▸ INFORMATION SUPPLIED:
____
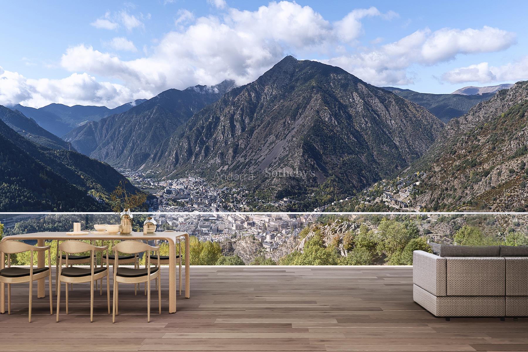 Situado en el marco natural incomparable de San Miguel de Engolasters, este exclusivo piso de 328 m², por comprar, es parte de la nueva promoción, ESCALA, diseñada por el prestigioso estudio de arquitectura Rafael de la-Hoz. Este singular edificio se integra perfectamente en su entorno de montaña y gracias a su concepción abierta al exterior más su ubicación en un mirador natural excepcional, le permite incorporar a su espacio interior, mucha luz natural y las impresionantes vistas sobre Andorra la Vella y Escaldes- Engordany. Su privilegiada situación le permite, además, estar a pocos minutos de centro comercial, financiero y administrativo de Andorra, con toda su variada oferta comercial, de ocio y de servicios, así como de todos los equipamientos lúdicos y deportivos, entre otras, las estaciones de esquí y deportes de montaña del Principado: GrandValira, Vallnord Pal-Arinsal, Ordino Arcalís y Naturlandia. La propiedad cuenta con 193 m2 de superficie habitable, totalmente exterior. Todas las estancias disponen de una salida a la terraza de 110 m² desde donde podrá disfrutar todos los días del año, con la familia y los amigos, de una puesta de sol única y diferente, así como de las increíbles vistas panorámicas sobre el valle central del Principado de Andorra y los majestuosos picos que le rodean. La parte de descanso se divide en una master suite con un área de vestuario incorporada y baño completo, más dos suites con sus propios baños completos. La parte de día se compone de un fantástico espacio abierto formado por la cocina, totalmente equipada con electrodomésticos de alta gama y una lavandería anexa, un salón-comedor y un espacio destinado a una biblioteca o zona chill-out. Para su total comodidad, el piso dispone en el mismo edificio de 3 plazas de garaje y 1 trastero. Y por una relajación perfecta a finales del día, podrá disfrutar de un exclusivo Spa privado, situado en el mismo edificio, con las inspiradoras vistas sobre los valles de Andorra. Este lujoso ático, de un diseño moderno y elegante, está concebido especialmente para satisfacer todos sus deseos de confort, tranquilidad y privacidad, que sólo podrá encontrar en ESCALA, en el corazón de una de las mejores zonas residenciales del Principado de Andorra.Características
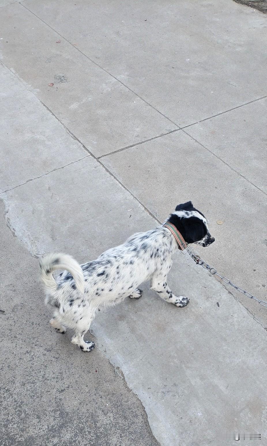 我家这只小狗,叫“小罗罗”,身上的毛白花花的,还撒着好多黑点点,跟撒了一把黑豆似的,特别显眼。 它的脑袋和耳朵是纯黑的,就像戴了个小帽子,跑起来的时候,那对黑耳朵一颠一颠的,特别逗。 今天我牵着它出去遛弯,可兴奋了,小尾巴翘得老高,一个劲儿往前冲,链子都被它扯得哗哗响。 它一会儿低头闻闻地上的小石子,一会儿又抬头看看远处,好像在侦查什么大案子。 这小家伙虽然不是什么名贵品种,但特别黏人,我一回家它就围着我转,用脑袋蹭我的腿。 看着它傻乎乎又活泼的样子,一天的烦心事都没了。有它陪着,这日子就像加了糖,甜滋滋的。
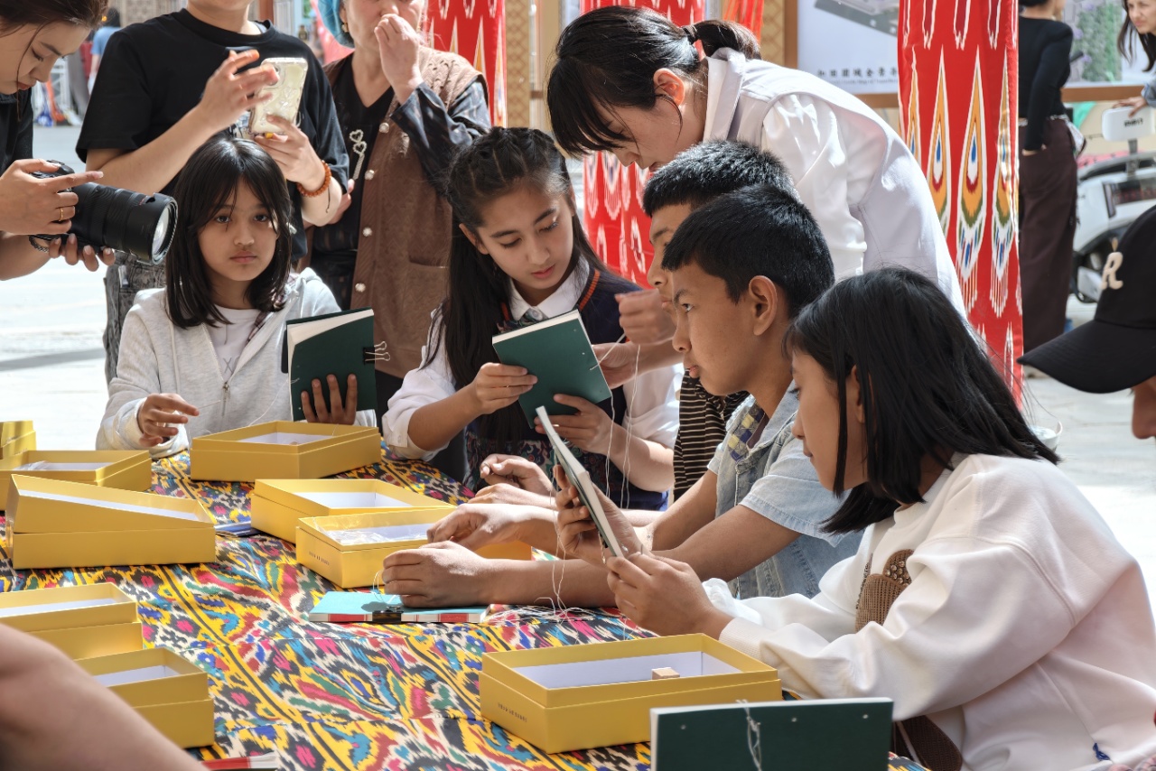 4月12日,“京和书吧”启用,这是北京在和田援建的首个书吧项目。图为学生们学习制作线装书。
____
▸ TASK STATEMENT:
Could you give the listing again exactly, minus its pictures?

▸ ANSWER SECTION:
 Situado en el marco natural incomparable de San Miguel de Engolasters, este exclusivo piso de 328 m², por comprar, es parte de la nueva promoción, ESCALA, diseñada por el prestigioso estudio de arquitectura Rafael de la-Hoz. Este singular edificio se integra perfectamente en su entorno de montaña y gracias a su concepción abierta al exterior más su ubicación en un mirador natural excepcional, le permite incorporar a su espacio interior, mucha luz natural y las impresionantes vistas sobre Andorra la Vella y Escaldes- Engordany. Su privilegiada situación le permite, además, estar a pocos minutos de centro comercial, financiero y administrativo de Andorra, con toda su variada oferta comercial, de ocio y de servicios, así como de todos los equipamientos lúdicos y deportivos, entre otras, las estaciones de esquí y deportes de montaña del Principado: GrandValira, Vallnord Pal-Arinsal, Ordino Arcalís y Naturlandia. La propiedad cuenta con 193 m2 de superficie habitable, totalmente exterior. Todas las estancias disponen de una salida a la terraza de 110 m² desde donde podrá disfrutar todos los días del año, con la familia y los amigos, de una puesta de sol única y diferente, así como de las increíbles vistas panorámicas sobre el valle central del Principado de Andorra y los majestuosos picos que le rodean. La parte de descanso se divide en una master suite con un área de vestuario incorporada y baño completo, más dos suites con sus propios baños completos. La parte de día se compone de un fantástico espacio abierto formado por la cocina, totalmente equipada con electrodomésticos de alta gama y una lavandería anexa, un salón-comedor y un espacio destinado a una biblioteca o zona chill-out. Para su total comodidad, el piso dispone en el mismo edificio de 3 plazas de garaje y 1 trastero. Y por una relajación perfecta a finales del día, podrá disfrutar de un exclusivo Spa privado, situado en el mismo edificio, con las inspiradoras vistas sobre los valles de Andorra. Este lujoso ático, de un diseño moderno y elegante, está concebido especialmente para satisfacer todos sus deseos de confort, tranquilidad y privacidad, que sólo podrá encontrar en ESCALA, en el corazón de una de las mejores zonas residenciales del Principado de Andorra.Características
 我家这只小狗,叫“小罗罗”,身上的毛白花花的,还撒着好多黑点点,跟撒了一把黑豆似的,特别显眼。 它的脑袋和耳朵是纯黑的,就像戴了个小帽子,跑起来的时候,那对黑耳朵一颠一颠的,特别逗。 今天我牵着它出去遛弯,可兴奋了,小尾巴翘得老高,一个劲儿往前冲,链子都被它扯得哗哗响。 它一会儿低头闻闻地上的小石子,一会儿又抬头看看远处,好像在侦查什么大案子。 这小家伙虽然不是什么名贵品种,但特别黏人,我一回家它就围着我转,用脑袋蹭我的腿。 看着它傻乎乎又活泼的样子,一天的烦心事都没了。有它陪着,这日子就像加了糖,甜滋滋的。
 4月12日,“京和书吧”启用,这是北京在和田援建的首个书吧项目。图为学生们学习制作线装书。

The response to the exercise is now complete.